🤖 AI Summary
This work addresses the critical limitation of existing 2D object detectors—their lack of effective runtime introspection capability to anticipate detection failures, which poses significant safety risks in autonomous driving systems. To this end, the authors propose a lightweight introspection method that, for the first time, incorporates a cross-level feature attention mechanism to dynamically aggregate multi-layer features from the backbone network. The model learns, in an end-to-end manner, adaptive weights that reflect each layer’s importance for failure prediction. The approach simultaneously enhances detection performance and offers interpretability, achieving state-of-the-art introspection results on both KITTI and BDD100K benchmarks. It substantially outperforms single-layer feature baselines and can be flexibly integrated into various modern detection architectures.
📝 Abstract
Reliable object detection is critical for automated driving, yet even state-of-the-art detectors inevitably make errors that can compromise safety. Introspection methods that predict detector failures enable safer deployment by triggering fallback mechanisms or alerting human operators.
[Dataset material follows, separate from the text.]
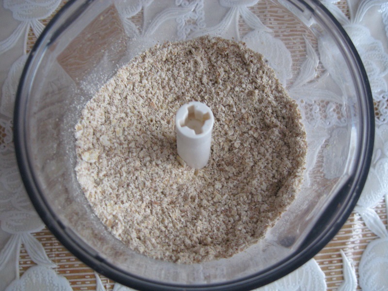 Я взяла овсяные хлопья Увелка и размолола их в блендере. В оригинале у девочек были какие-то проблемы с количеством муки. У меня ушел ровно стакан, больше ее там явно не надо было.

However, existing approaches rely solely on last-layer features or hand-crafted statistics, discarding valuable information from earlier layers that capture different levels of visual abstraction. We propose Layer Feature Attention (LFA), a lightweight introspection method that learns to aggregate features from multiple backbone layers through an attention mechanism. Our key insight is that detection errors manifest differently across feature hierarchies: low-level layers capture fine-grained details essential for detecting small or occluded objects, while high-level layers encode semantic information for scene understanding. LFA learns layer importance weights end-to-end, enabling both improved error prediction and interpretable analysis of which feature levels are most indicative of detector failures. Extensive experiments on KITTI and BDD100K demonstrate that LFA achieves state-of-the-art introspection performance, outperforming single-layer baselines across multiple detector architectures.